ANDREW RETTMAN AND IHOR TYMOTS
EUOBSERVER / BRUSSELS - EU diplomats are preparing top-up sanctions on Belarus after President Alexander Lukashenko jailed protesters for up to four years and amid reports of torture by his secret police, the KGB.
The new measures are designed to cause pain for the leader's state budget and private income but to avoid a shock to the country's economy or to EU companies in Latvia, Lithuania, the Netherlands and Poland.
The sanctions are to target individuals believed to be funneling money to the nomenklatura from petroleum products firms Belneftekhim and Triple, arms producer Beltechexport and the fertiliser company Belaruskalii.
The new package is being drawn up by EU embassies in Minsk and mid-level diplomats in Brussels and is likely to be adopted by EU foreign ministers in April.
Opposition leader and economist Jaroslav Romanchuk from the United Civil Party told EUobserver the EU should watch out for dirty tricks. "Due to the Belarus-Russia Customs Union, it would be very easy for Lukashenko to re-label Belarusian oil products as coming from Russia," he said.
Lukashenko courts have in the past few weeks jailed four people for up to four years each for taking part in post-election protests in December.

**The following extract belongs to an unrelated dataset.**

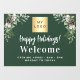 Grüner Hintergrund, weißer Text. Personalisieren Sie Ihr Logo und fügen Sie es hinzu. Text: Herzlichen Glückwunsch zu Feiertagen! Dekoriert mit Kiefernspießen und Kegeln.
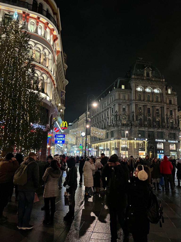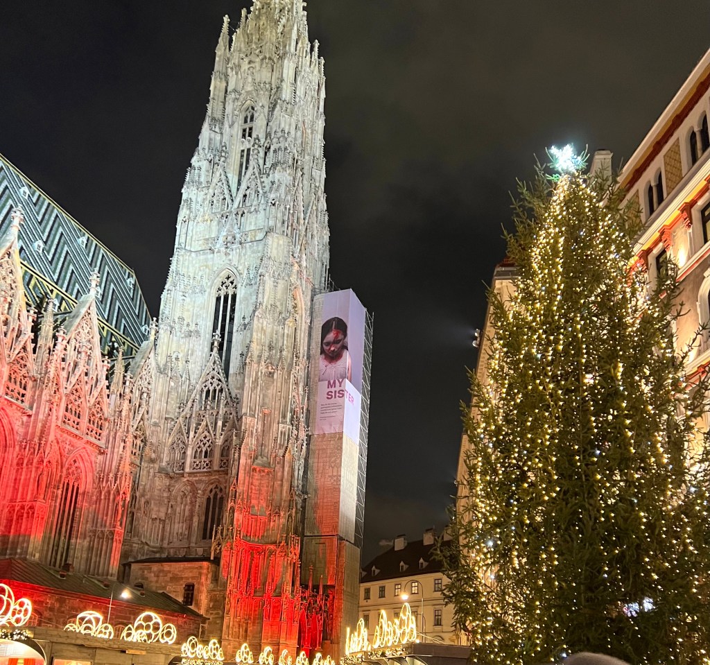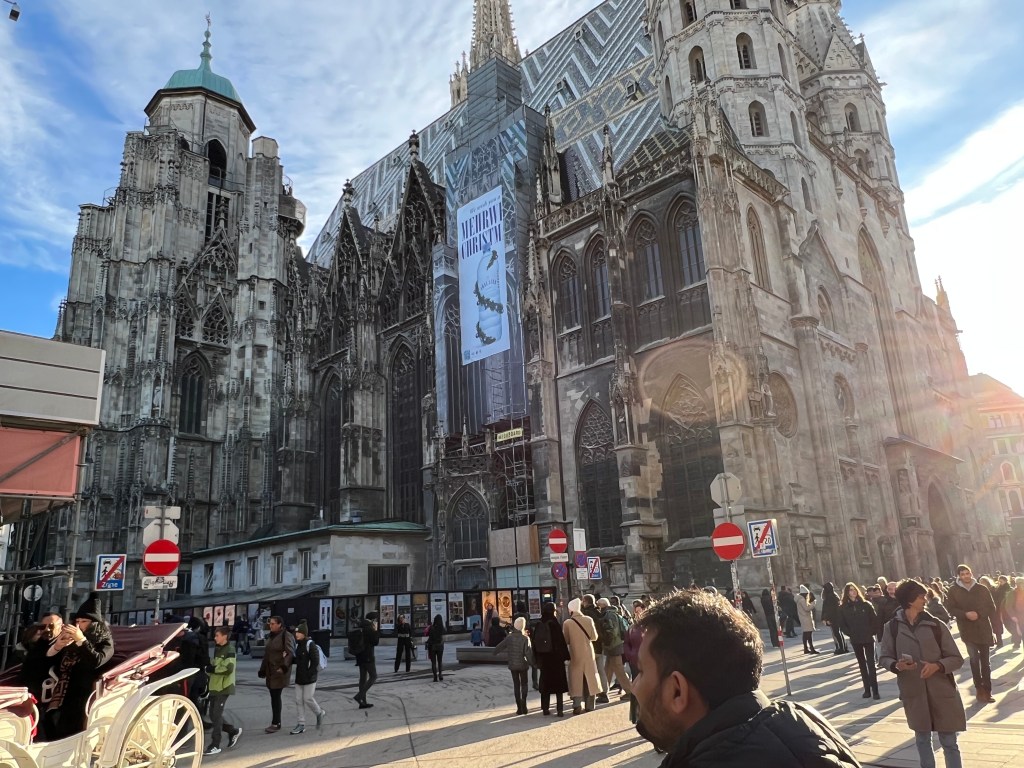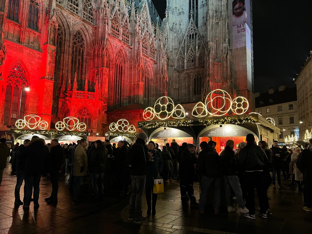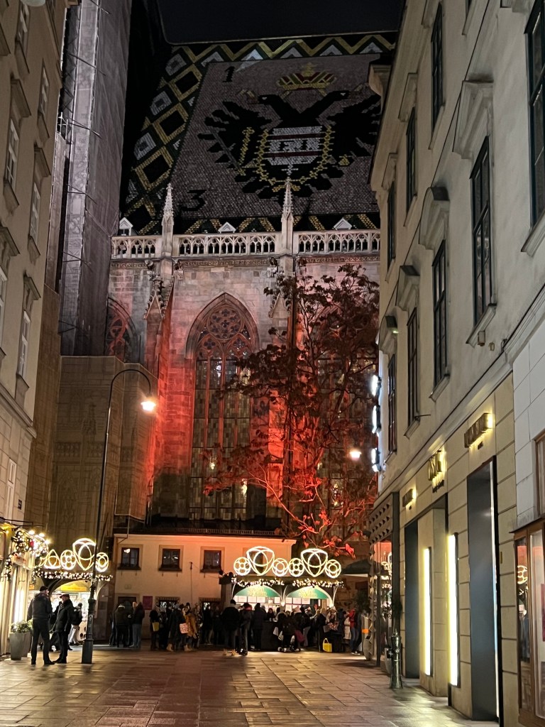 Then we stopped for lunch at a nice, cosy place to warm back up and hit another small market on the way back to the hotel. Napped, relaxed, had some wine and pretty much what amounted to our dinner in appetizers; meatballs, salmon quiche bites, cheeses and cured meats. We braved the cold again to walk to the St. Stephan cathedral, enjoying the lights, the crowds and the stalls. It was beautiful at night and then when we saw it during the day, it was simply magnificent.

More than 30 others face serious charges.
Another opposition leader, Ales Mikhalevich, has said the KGB tortured him at its high-security prison in Minsk in January.
Speaking in an interview with Ukrainian journalist Ihor Tymots, Mr Mikhalevich said he was taken from his cell by masked men, handcuffed and dragged along the ground with his face in the snow. He was beaten on the legs, held in temperatures of minus 10 degrees Celsius, deprived of sleep and made to inhale acetone fumes.
"My blood pressure is high and I am beginning to lose my vision. I am only 35, so I was one of the youngest and strongest political prisoners there. Only imagine, what is going on with those who have chronic illnesses," he said.
"I am one of few who was lucky enough to get out of this prison. I have to tell about the things I saw," he went on. "I don't want to see these people end up as psychological and physical cripples. Their lawyers have practically no access to them."
The EU is also preparing to update its existing list of almost 160 officials put under a visa ban and asset freeze in January.
The original list included a dead judge and a duplicate judge. It also omitted to impose an asset freeze on Yuri Sivakov, a former interior minister accused of murdering four dissidents and laundering extortion money for high-level officials.
The omission prompted conspiracy theories in Minsk.
One independent journalist who did not want to be named said the UK and the US kept Mr Sivakov out of the asset freeze to make President Lukashenko "paranoid" that he is an agent of Western subversion. EU diplomats say it was a clerical error. "The EU does not do psychological warfare," one diplomatic contact said.
The 64 or 65-year old Mr Sivakov is said to drink heavily and to belong to Chyest, a club for KGB veterans which has its office in the same building as Mr Romanchuk's political party.
A former US ambassador to Minsk has reported that Chyest used to wash up to $1.5 milllion a day of black money for the Lukashenko cadre via banks in Poland, Russia and the US. But Mr Sivakov, who ran Chyest in 2006, no longer seems to be highly active.
"I see Pavlichenko going in and out but I never see Sivakov," Mr Romanchuk said, referring to Dmitry Pavlichenko, a former security official also accused of killing dissidents and also on the EU sanctions list.